• _Instructions for the task_
What's needed is a word-for-word retyping of the entries below, pictures omitted.

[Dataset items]
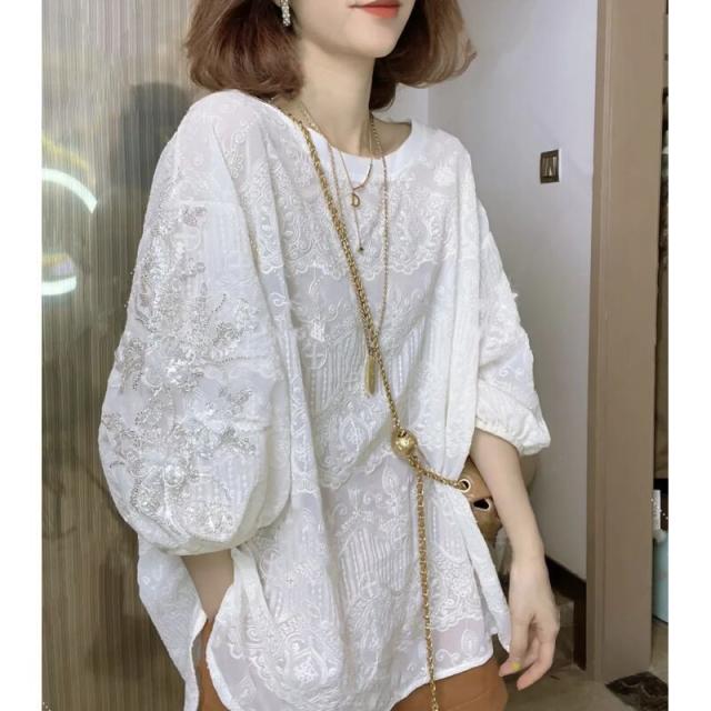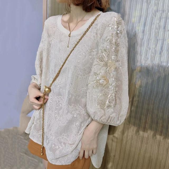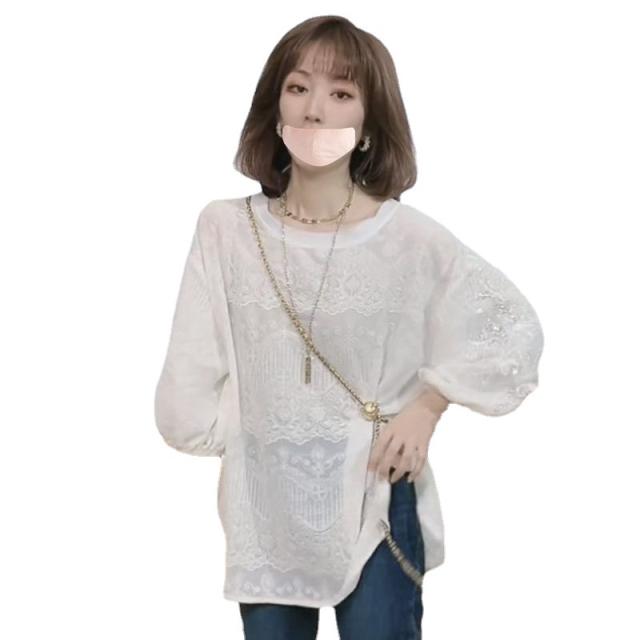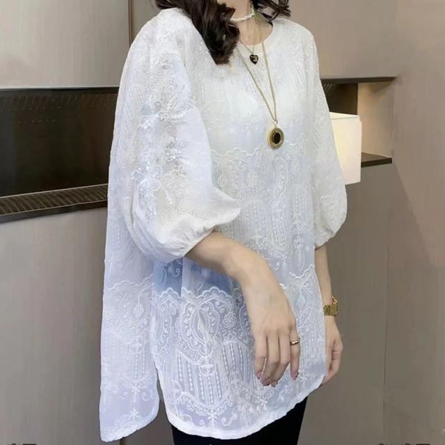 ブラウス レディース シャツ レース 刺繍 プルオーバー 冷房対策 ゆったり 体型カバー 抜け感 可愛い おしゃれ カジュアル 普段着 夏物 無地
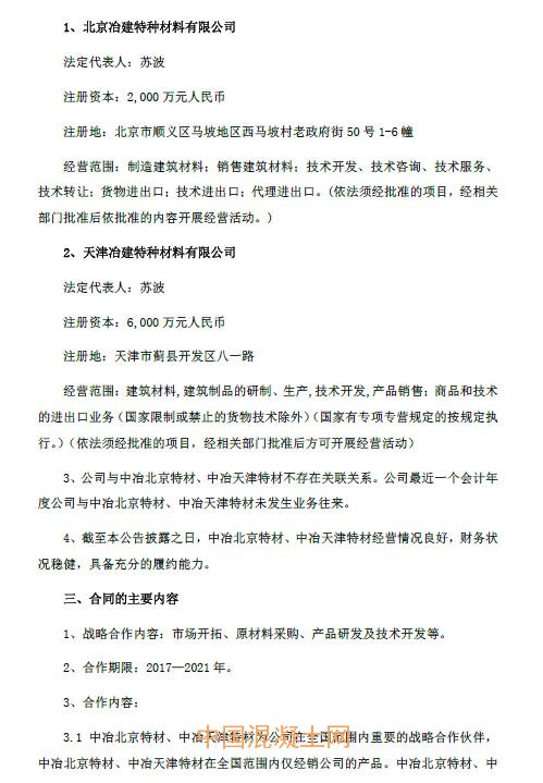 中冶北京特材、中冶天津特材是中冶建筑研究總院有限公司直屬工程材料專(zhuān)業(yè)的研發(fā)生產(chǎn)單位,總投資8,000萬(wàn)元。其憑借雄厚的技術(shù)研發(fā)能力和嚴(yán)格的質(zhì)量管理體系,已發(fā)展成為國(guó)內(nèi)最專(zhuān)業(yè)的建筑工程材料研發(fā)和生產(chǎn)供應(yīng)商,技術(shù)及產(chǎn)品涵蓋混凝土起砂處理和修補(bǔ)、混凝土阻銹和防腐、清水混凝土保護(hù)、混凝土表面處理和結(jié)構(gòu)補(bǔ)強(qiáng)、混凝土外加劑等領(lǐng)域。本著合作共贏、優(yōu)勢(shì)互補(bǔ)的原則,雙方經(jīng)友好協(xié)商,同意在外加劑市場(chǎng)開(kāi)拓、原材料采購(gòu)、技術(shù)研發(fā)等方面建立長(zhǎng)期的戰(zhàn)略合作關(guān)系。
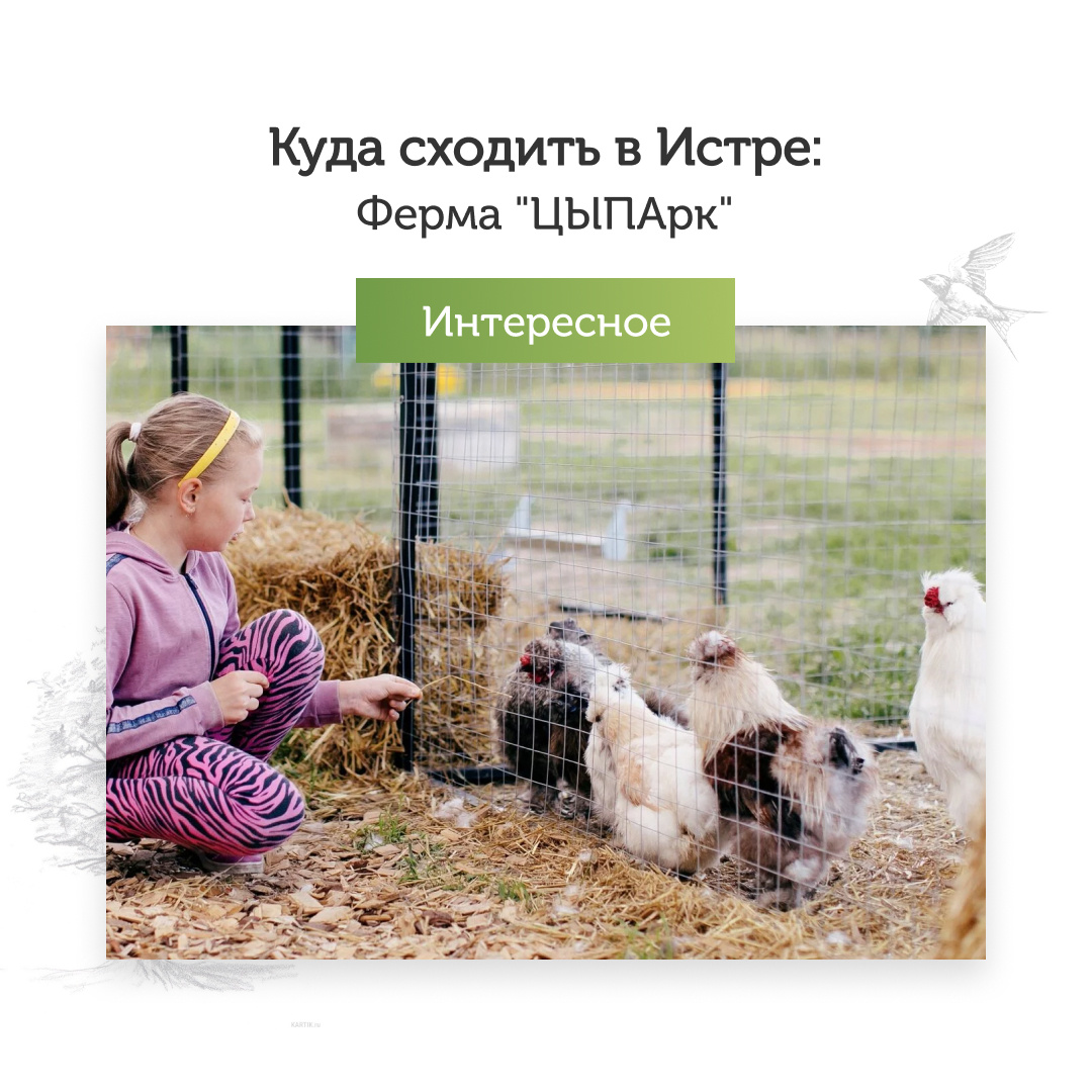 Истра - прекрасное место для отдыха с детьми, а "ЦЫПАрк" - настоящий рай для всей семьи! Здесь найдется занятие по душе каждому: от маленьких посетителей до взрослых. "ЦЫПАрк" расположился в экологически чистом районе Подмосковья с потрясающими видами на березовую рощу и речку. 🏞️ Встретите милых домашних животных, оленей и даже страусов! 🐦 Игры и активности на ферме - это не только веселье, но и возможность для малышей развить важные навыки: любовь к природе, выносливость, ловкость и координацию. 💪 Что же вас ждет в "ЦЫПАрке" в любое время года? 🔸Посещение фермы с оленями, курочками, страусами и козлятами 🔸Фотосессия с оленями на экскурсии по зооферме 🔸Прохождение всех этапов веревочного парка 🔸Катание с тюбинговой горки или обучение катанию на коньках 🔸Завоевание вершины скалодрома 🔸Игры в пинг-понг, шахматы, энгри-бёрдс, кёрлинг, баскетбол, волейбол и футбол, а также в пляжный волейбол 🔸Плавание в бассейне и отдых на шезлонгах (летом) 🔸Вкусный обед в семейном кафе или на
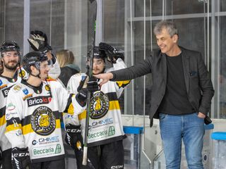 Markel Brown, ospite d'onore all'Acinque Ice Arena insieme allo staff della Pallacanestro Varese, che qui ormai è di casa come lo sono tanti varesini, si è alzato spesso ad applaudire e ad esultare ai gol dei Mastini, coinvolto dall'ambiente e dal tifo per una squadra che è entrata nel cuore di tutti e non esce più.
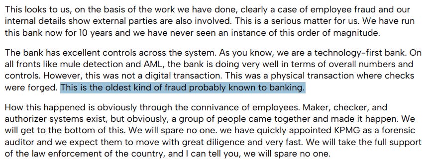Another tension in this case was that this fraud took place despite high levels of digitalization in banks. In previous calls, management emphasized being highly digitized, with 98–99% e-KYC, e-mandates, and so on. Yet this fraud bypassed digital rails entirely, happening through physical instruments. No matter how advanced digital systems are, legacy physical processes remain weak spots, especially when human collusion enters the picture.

• _Output for this exercise_
 ブラウス レディース シャツ レース 刺繍 プルオーバー 冷房対策 ゆったり 体型カバー 抜け感 可愛い おしゃれ カジュアル 普段着 夏物 無地
 中冶北京特材、中冶天津特材是中冶建筑研究總院有限公司直屬工程材料專(zhuān)業(yè)的研發(fā)生產(chǎn)單位,總投資8,000萬(wàn)元。其憑借雄厚的技術(shù)研發(fā)能力和嚴(yán)格的質(zhì)量管理體系,已發(fā)展成為國(guó)內(nèi)最專(zhuān)業(yè)的建筑工程材料研發(fā)和生產(chǎn)供應(yīng)商,技術(shù)及產(chǎn)品涵蓋混凝土起砂處理和修補(bǔ)、混凝土阻銹和防腐、清水混凝土保護(hù)、混凝土表面處理和結(jié)構(gòu)補(bǔ)強(qiáng)、混凝土外加劑等領(lǐng)域。本著合作共贏、優(yōu)勢(shì)互補(bǔ)的原則,雙方經(jīng)友好協(xié)商,同意在外加劑市場(chǎng)開(kāi)拓、原材料采購(gòu)、技術(shù)研發(fā)等方面建立長(zhǎng)期的戰(zhàn)略合作關(guān)系。
 Истра - прекрасное место для отдыха с детьми, а "ЦЫПАрк" - настоящий рай для всей семьи! Здесь найдется занятие по душе каждому: от маленьких посетителей до взрослых. "ЦЫПАрк" расположился в экологически чистом районе Подмосковья с потрясающими видами на березовую рощу и речку. 🏞️ Встретите милых домашних животных, оленей и даже страусов! 🐦 Игры и активности на ферме - это не только веселье, но и возможность для малышей развить важные навыки: любовь к природе, выносливость, ловкость и координацию. 💪 Что же вас ждет в "ЦЫПАрке" в любое время года? 🔸Посещение фермы с оленями, курочками, страусами и козлятами 🔸Фотосессия с оленями на экскурсии по зооферме 🔸Прохождение всех этапов веревочного парка 🔸Катание с тюбинговой горки или обучение катанию на коньках 🔸Завоевание вершины скалодрома 🔸Игры в пинг-понг, шахматы, энгри-бёрдс, кёрлинг, баскетбол, волейбол и футбол, а также в пляжный волейбол 🔸Плавание в бассейне и отдых на шезлонгах (летом) 🔸Вкусный обед в семейном кафе или на
 Markel Brown, ospite d'onore all'Acinque Ice Arena insieme allo staff della Pallacanestro Varese, che qui ormai è di casa come lo sono tanti varesini, si è alzato spesso ad applaudire e ad esultare ai gol dei Mastini, coinvolto dall'ambiente e dal tifo per una squadra che è entrata nel cuore di tutti e non esce più.
Another tension in this case was that this fraud took place despite high levels of digitalization in banks. In previous calls, management emphasized being highly digitized, with 98–99% e-KYC, e-mandates, and so on. Yet this fraud bypassed digital rails entirely, happening through physical instruments. No matter how advanced digital systems are, legacy physical processes remain weak spots, especially when human collusion enters the picture.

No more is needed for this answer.